The data.

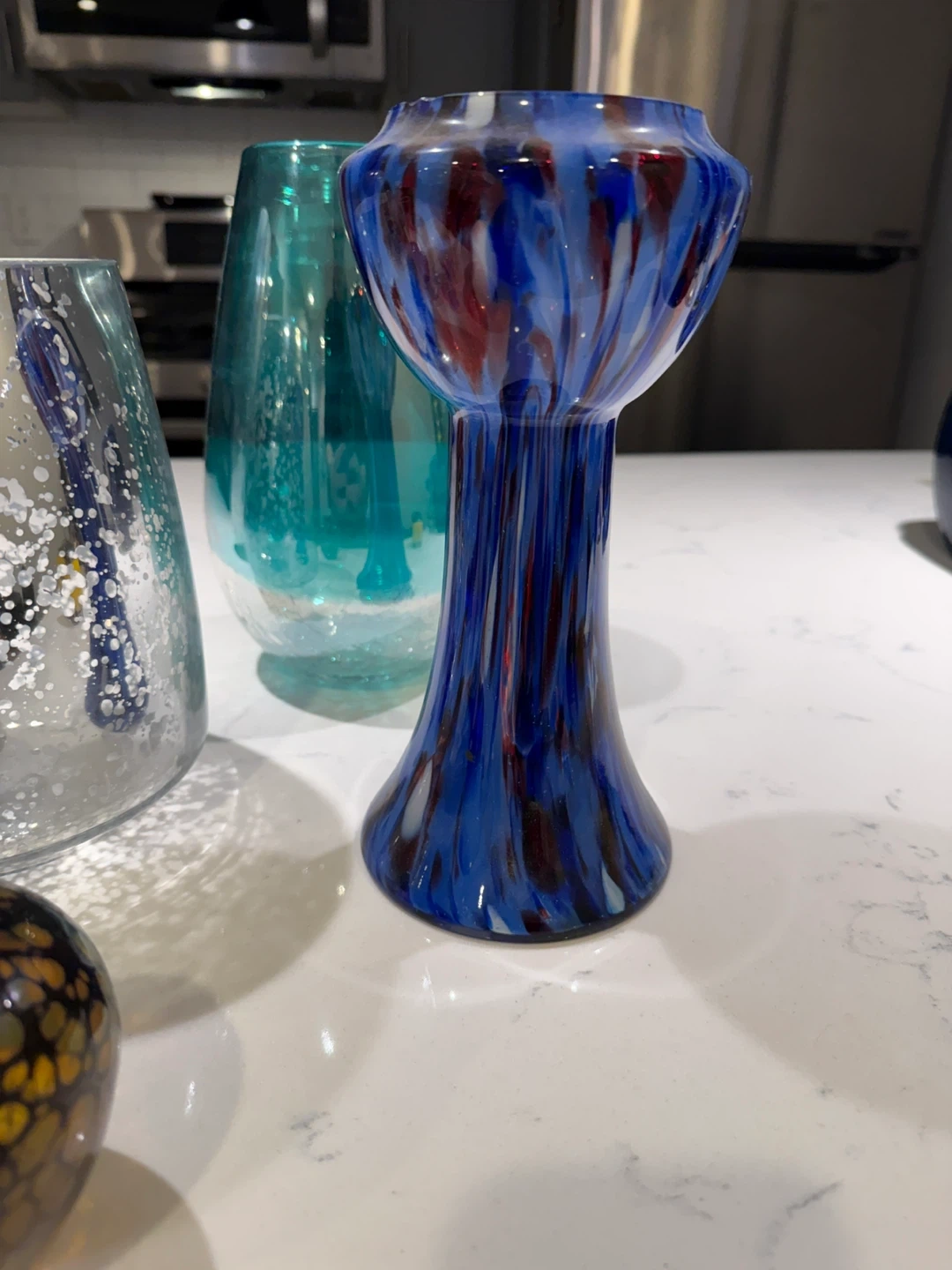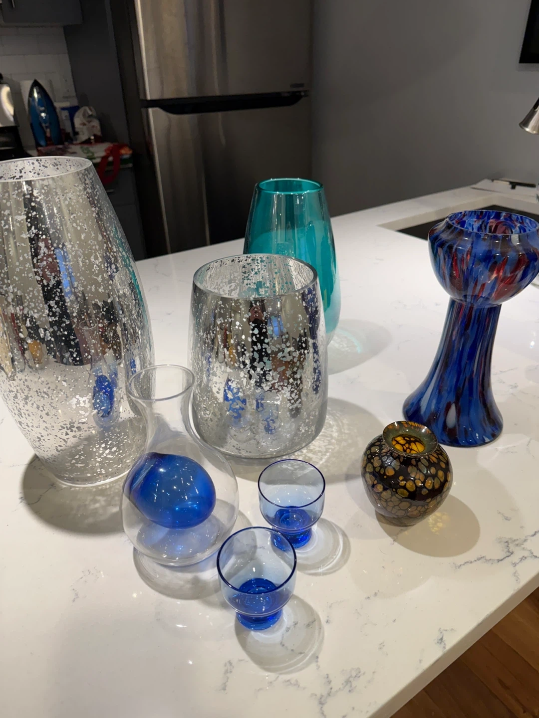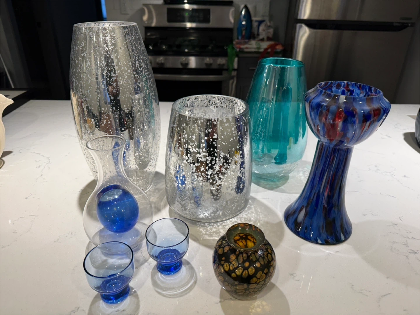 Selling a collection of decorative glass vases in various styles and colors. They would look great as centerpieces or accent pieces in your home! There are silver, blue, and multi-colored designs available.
---
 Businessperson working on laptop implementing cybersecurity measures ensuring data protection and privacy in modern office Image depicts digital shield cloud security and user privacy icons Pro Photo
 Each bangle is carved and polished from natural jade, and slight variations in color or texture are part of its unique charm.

Aim of the exercise. Starting at the line that has "Businessperson working on" and ending at the line that has "Each bangle is", please write out the lines above exactly, leaving out all others.

Your response.
 Businessperson working on laptop implementing cybersecurity measures ensuring data protection and privacy in modern office Image depicts digital shield cloud security and user privacy icons Pro Photo
 Each bangle is carved and polished from natural jade, and slight variations in color or texture are part of its unique charm.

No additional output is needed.